La señora Rodríguez no entiende que Raúl Castro no está solucionando el problema de fondo de la improductividad cubana, causante de la inmensa pobreza que padece el país, sino sólo colocando parches que en modo alguno van a cambiar la miserable vida de los cubanos. Medio siglo de disparates e involución debieron enseñarle a la periodista que lo que no sirve es el sistema comunista basado en la propiedad estatal, el partido único, la planificación centralizada, el colectivismo y la ausencia de libertades políticas y económicas. En 1922 Ludwig von Mises se lo dijo pacientemente a Lenin en un libro llamado Socialismo, y aquel pequeño carnicero autoritario no le hizo caso.
Yo no voy a perder el tiempo explicándole a la señora Rodríguez la diferencia entre las dos Coreas, entre las dos Alemanias (cuando existían), entre Taiwán y China continental, incluso entre la Cuba precomunista, situada entre los países más prósperos de América Latina, y la de hoy, colocada entre los más pobres, con un PIB per cápita semejante al de Bolivia; pero le dejo la más segura y elemental de las profecías: mientras Cuba sea una dictadura comunista, los cubanos van a vivir triste y miserablemente. Así ha sido siempre en todas las latitudes. En cuanto a la reincorporación de los maestros jubilados, con posibilidades de cobrar salario y retiro, eso sólo prueba que en el desastroso modelo cubano no hay incentivos para convertirse en docente, como no lo hay para ser ingeniero, médico o cualquier cosa, porque esa estúpida manera de organizar a la sociedad es contraria a la naturaleza humana.
Esos casi 800.000 graduados universitarios que existen en la Isla se lo preguntan todos los días: ¿para qué hemos estudiado, si estamos condenados a vivir en la indigencia, víctimas de todas las carencias? ¿No se da cuenta la señora Rodríguez de que en los países normales que cuentan con un buen capital humano suele haber prosperidad general? ¿No es capaz de descubrir que la prueba de que ese sistema, el cubano, no puede generar riqueza radica, precisamente, en que posee un gran capital humano que no le sirve de nada?

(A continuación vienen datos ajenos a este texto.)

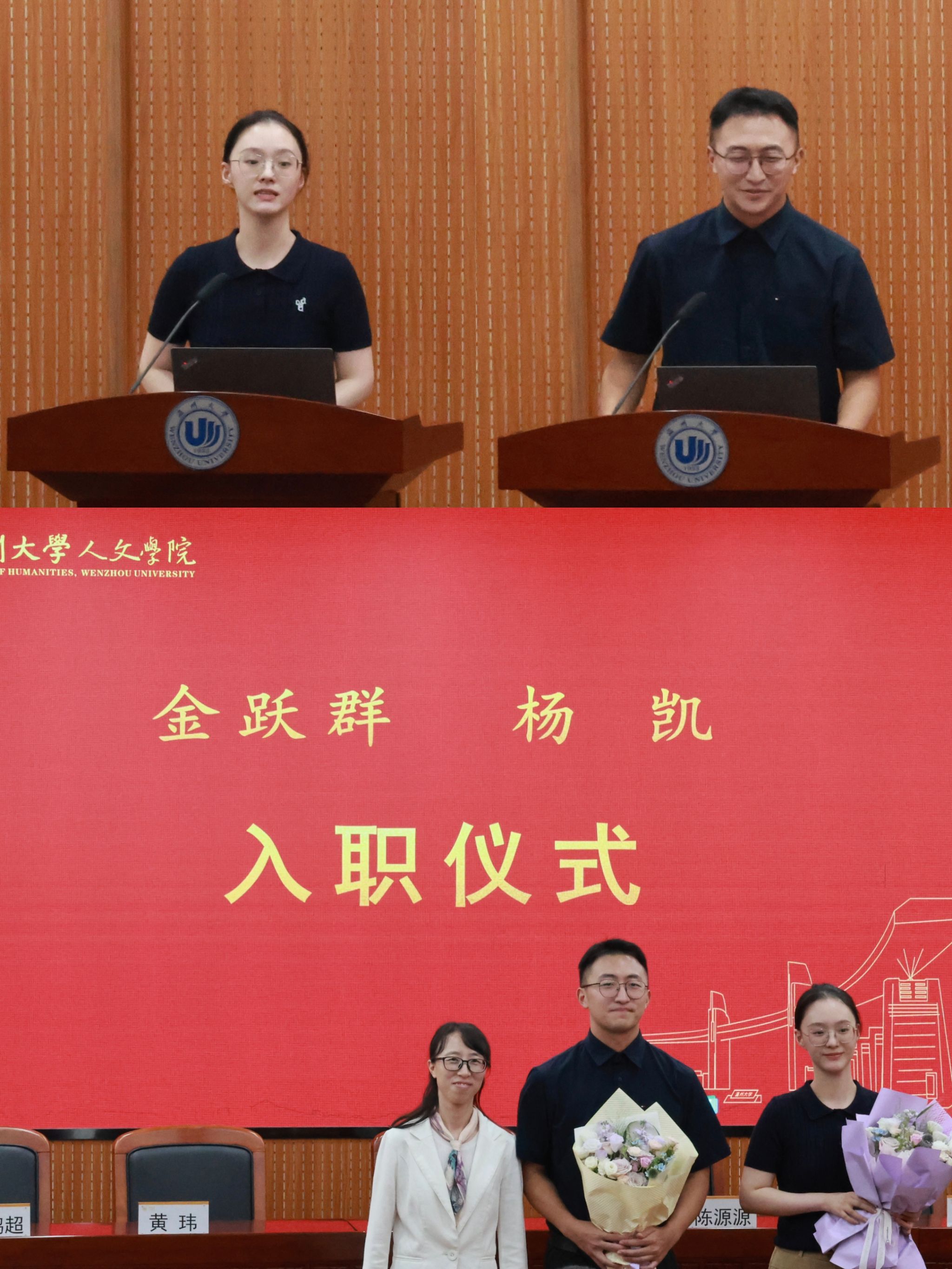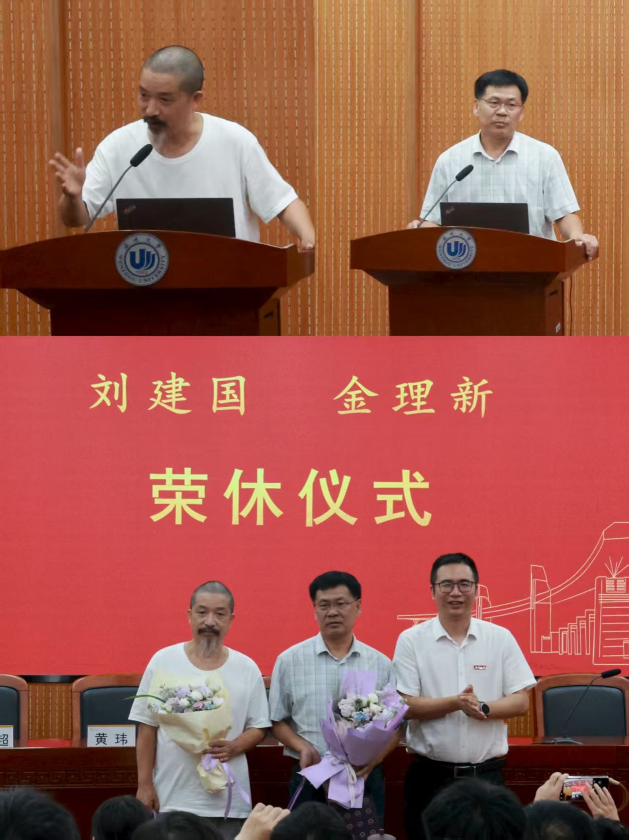 会议首先举行了教师荣退和新教师欢迎仪式。刘建国和金理新两位荣休教师依次上台发言,深情回顾在学院工作三十余年的难忘岁月,表达对学院和同事们的深厚情谊,以及对学院未来发展的美好期许,江秀景书记为他们送上鲜花和纪念品。陈源源副院长为杨凯和金跃群两位新教师送上鲜花,并对他们的加入表示热烈欢迎,鼓励他们在学院开启精彩的职业生涯,为学院发展贡献力量。

¿Dónde está la buena vida en Cuba? ¿Dónde están los incentivos materiales? Exactamente, en la jefatura del Partido y en lo que hace la señora Arleen Rodríguez: en defender la dictadura, en denigrar a quienes denuncian sus excesos, en ocultar los crímenes y barbaridades que ella no ignora. Por eso ella puede viajar al exterior, disponer de dólares y vivir mejor que el 99% de los cubanos. En Cuba los incentivos existen para el que aplaude, no para el que critica. Existen para el que delata, no para el que cuestiona. Existen para el que sale a gritar consignas y se muestra obediente al poder y obsecuente con los jerarcas. Pero ninguna de esas penosas actividades, ninguna, aumenta un ápice la riqueza del país. Todo lo contrario: contribuyen a sostener el error en el que se funda esta minuciosa catástrofe.
Al final de su artículo la señora Rodríguez me recomienda un psiquiatra que me quite la obsesión anticastrista. Temo decirle que es un mal incurable: durará mientras ese cruel disparate continúe haciendo daño a mis compatriotas.